I am trying to deploy a model in the serving endpoints section, but it keeps failing after attempting to create for an hour. Here are the service logs:
Container failed with: 9 +0000] [115] [INFO] Booting worker with pid: 115
[2023-09-15 19:15:35 +0000] [2] [ERROR] Worker (pid:73) was sent SIGKILL! Perhaps out of memory?
[2023-09-15 19:15:35 +0000] [119] [INFO] Booting worker with pid: 119
[2023-09-15 19:15:57 +0000] [2] [ERROR] Worker (pid:99) was sent SIGKILL! Perhaps out of memory?
[2023-09-15 19:15:57 +0000] [131] [INFO] Booting worker with pid: 131
2023-09-15 19:16:05.631648: I tensorflow/core/platform/cpu_feature_guard.cc:193] This TensorFlow binary is optimized with oneAPI Deep Neural Network Library (oneDNN) to use the following CPU instructions in performance-critical operations: AVX2 AVX512F AVX512_VNNI FMA
To enable them in other operations, rebuild TensorFlow with the appropriate compiler flags.

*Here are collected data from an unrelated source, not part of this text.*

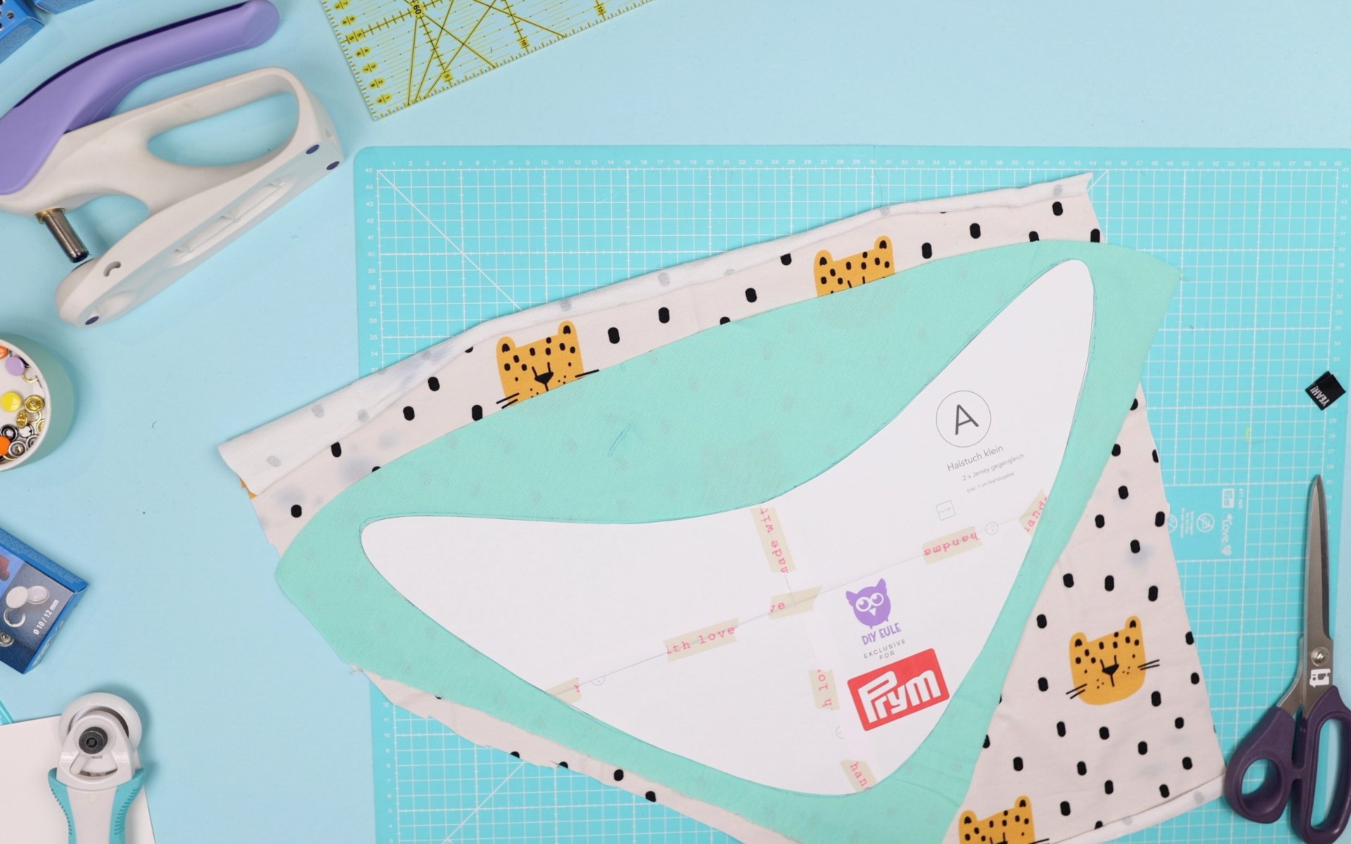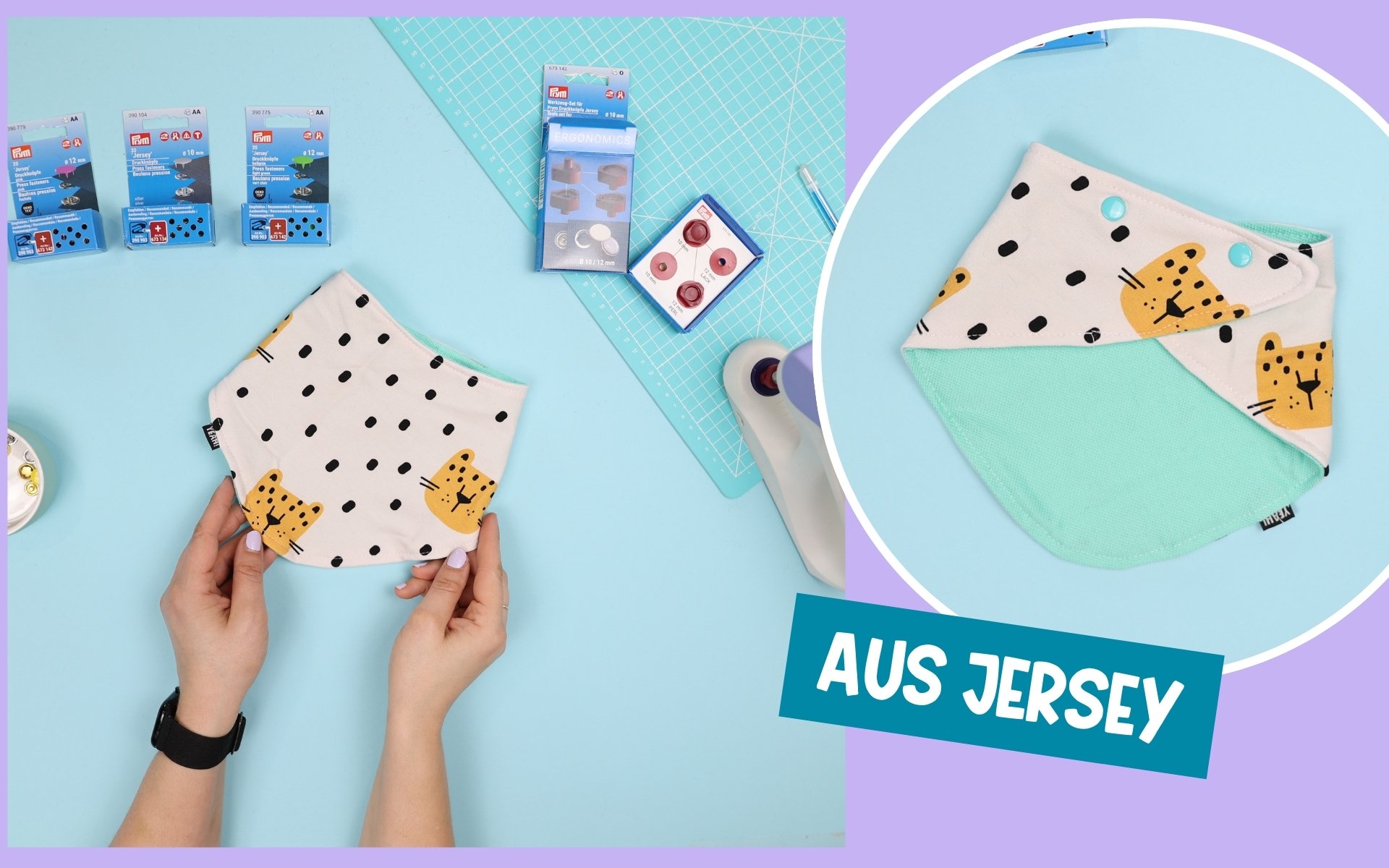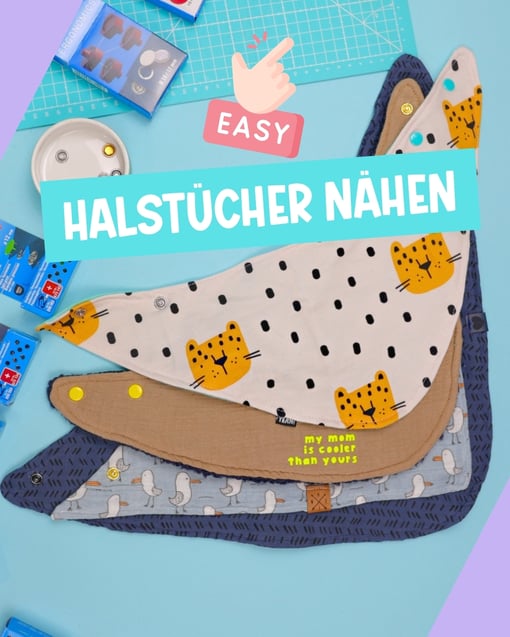 Heute gibt’s ein richtig tolles Anfängerprojekt für euch: super süße Kinder Halstücher nähen – perfekt zum Stoffreste verwerten, zum Verschenken oder einfach zum Selberfreuen. Ihr bekommt ein kostenloses Schnittmuster, ich zeige euch, wie ihr Jersey Druckknöpfe anbringt (und wieder entfernt, falls ihr mal was verpeilt) und natürlich dreht sich alles um das mega praktische Prym VARIO Creative Tool!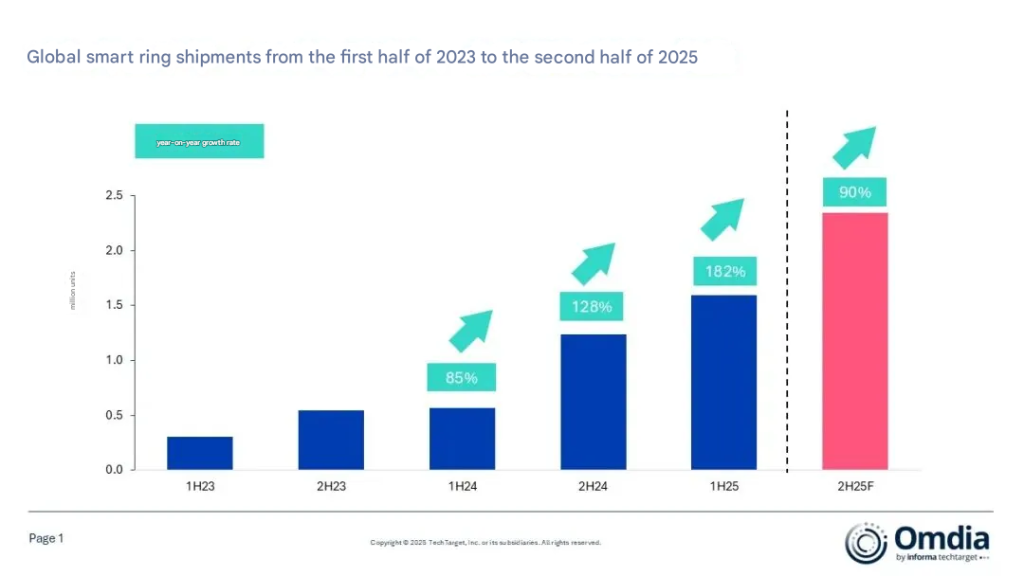 Năm 2023, doanh số nhẫn thông minh đạt 850.000 chiếc, nhưng sau đó tăng mạnh lên 1,8 triệu chiếc vào năm 2024. Chỉ riêng trong nửa đầu năm 2025, doanh số đã đạt 1,6 triệu chiếc, với ước tính cả năm sẽ đạt hơn 4 triệu chiếc.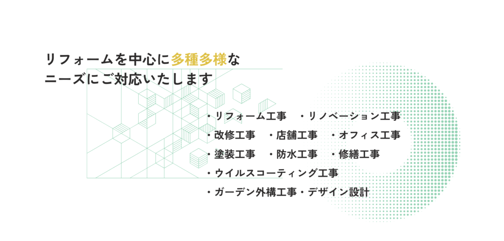 | 事業内容 | ・塗装工事 ・防水工事 ・修繕工事 ・改修工事 ・店舗工事 ・リノベーション工事 ・リフォーム工事 ・オフィス工事 ・ガーデン外構工事/デザイン設計 ・ウイルスコーティング工事 |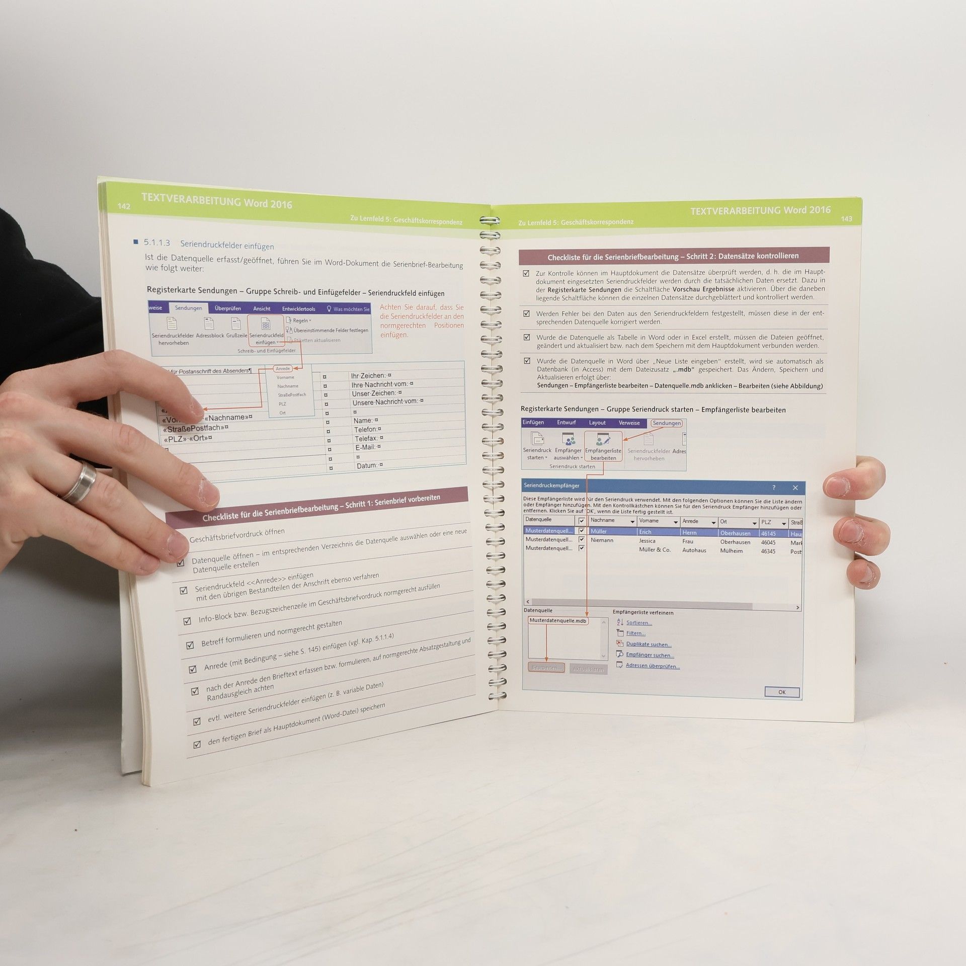 Das Lehr- und Arbeitsbuch kann im Unterricht lernfeldbegleitend eingesetzt werden und ist zum Selbststudium bestens geeignet - auch im Hinblick auf die Vorbereitung auf die Prüfung in Informationsverarbeitung, die bereits nach 15 Monaten ansteht. Durch seine Konzeption kann es von der ersten Unterrichtsstunde an parallel zur Wiederholung und Festigung der Inhalte, aber auch zur Nachbereitung einzelner Themen genutzt werden. Die abschließenden Übungen in jedem Kapitel bieten eine optimale Vorbereitung auf die Abschlussprüfung der IHK. Der Lernstoff wird nicht in traditioneller Weise angeboten, sondern orientiert sich konsequent am Lernzuwachs der Auszubildenden in den einzelnen Lernfeldern des Rahmenlehrplans. Hier werden die Auszubildenden schon sehr früh an das Erstellen von Präsentationen im Rahmen betrieblicher Abläufe herangeführt. Da den Präsentationen auch in der Praxis immer höherer Stellenwert zukommt, steht dem Buch ein PowerPoint-Exkurs voran. Zur besseren Orientierung sind Exkurs sowie alle folgenden PowerPoint-Übungen durch farbiges Papier gekennzeichnet. Nach dem Exkurs zu PowerPoint beginnen die lernfeldorientierten Kapitel für die Textverarbeitung. Die Struktur des Buches sieht in jedem Kapitel - nach Einzelthemen gegliedert - einen Informationsteil - begleitet von Tipps, Checklisten, besonderen Hinweisen sowie Erläuterungen zur DIN 5008 - mit anschließendem Übungsteil vor. Die Ergebnisse sind für die Auszubildenden in gedruckter sowie digitaler Form auf der beiliegenden CD gut nachvollziehbar. Am Ende jedes Kapitels gibt es eine auf das Kapitel/Lernfeld abgestimmte PowerPoint-Übung. Auch hier werden die Ergebnisse in gedruckter Form dargestellt und in digitaler Form präsentiert. Die Übungen und Aufgaben sind im Hinblick auf die Prüfungsanforderungen in Informationsverarbeitung so angelegt, dass die Auszubildenden - das erforderliche technische Know-How erlernen - lernen, sich mit betrieblichen Abläufen und Problemstellungen auseinanderzusetzen und die erforderlichen Bearbeitungen rationell durchführen zu können - selbstständig kaufmännische Schriftstücke formulieren können - in Geschäftsbriefen, internen Schreiben und Präsentationen die DIN 5008 umsetzen können - lernen, nach konkreten Anweisungen, Gestaltungen und Formatierungen zu arbeiten - lernen, Vorgaben anhand von inhaltlichen Stichpunkten nach den Gesichtspunkten moderner Geschäftskorrespondenz auszuformulieren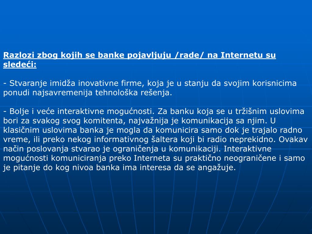 Razlozi zbog kojih se banke pojavljuju /rade/ na Internetu su sledeći: • Stvaranje imidža inovativne firme, koja je u stanju da svojim korisnicima ponudi najsavremenija tehnološka rešenja. • - Bolje i veće interaktivne mogućnosti. Za banku koja se u tržišnim uslovima bori za svakog svog komitenta, najvažnija je komunikacija sa njim. U klasičnim uslovima banka je mogla da komunicira samo dok je trajalo radno vreme, ili preko nekog informativnog šaltera koji bi radio neprekidno. Ovakav način poslovanja stvarao je ograničenja u komunikaciji. Interaktivne mogućnosti komuniciranja preko Interneta su praktično neograničene i samo je pitanje do kog nivoa banka ima interesa da se angažuje.

2023-09-15 19:16:06.710808: I tensorflow/core/util/port.cc:104] oneDNN custom operations are on. You may see slightly different numerical results due to floating-point round-off errors from different computation orders. To turn them off, set the environment variable `TF_ENABLE_ONEDNN_OPTS=0`.
[2023-09-15 19:16:07 +0000] [2] [ERROR] Worker (pid:93) was sent SIGKILL! Perhaps out of memory?
[2023-09-15 19:16:07 +0000] [137] [INFO] Booting worker with pid: 137
[2023-09-15 19:16:35 +0000] [2] [ERROR] Worker (pid:119) was sent SIGKILL! Perhaps out of memory?
[2023-09-15 19:16:35 +0000] [155] [INFO] Booting worker with pid: 155
[2023-09-15 19:16:42 +0000] [2] [ERROR] Worker (pid:115) was sent SIGKILL! Perhaps out of memory?
[2023-09-15 19:16:42 +0000] [159] [INFO] Booting worker with pid: 159
[2023-09-15 19:17:10 +0000] [2] [ERROR] Worker (pid:131) was sent SIGKILL! Perhaps out of memory?
[2023-09-15 19:17:10 +0000] [175] [INFO] Booting worker with pid: 175
[2023-09-15 19:17:17 +0000] [2] [ERROR] Worker (pid:137) was sent SIGKILL! Perhaps out of memory?
[2023-09-15 19:17:17 +0000] [179] [INFO] Booting worker with pid: 179
[2023-09-15 19:17:46 +0000] [2] [ERROR] Worker (pid:159) was sent SIGKILL! Perhaps out of memory?
[2023-09-15 19:17:46 +0000] [195] [INFO] Booting worker with pid: 195
Should I try moving to the largest compute, or is the issue more to do with the model itself?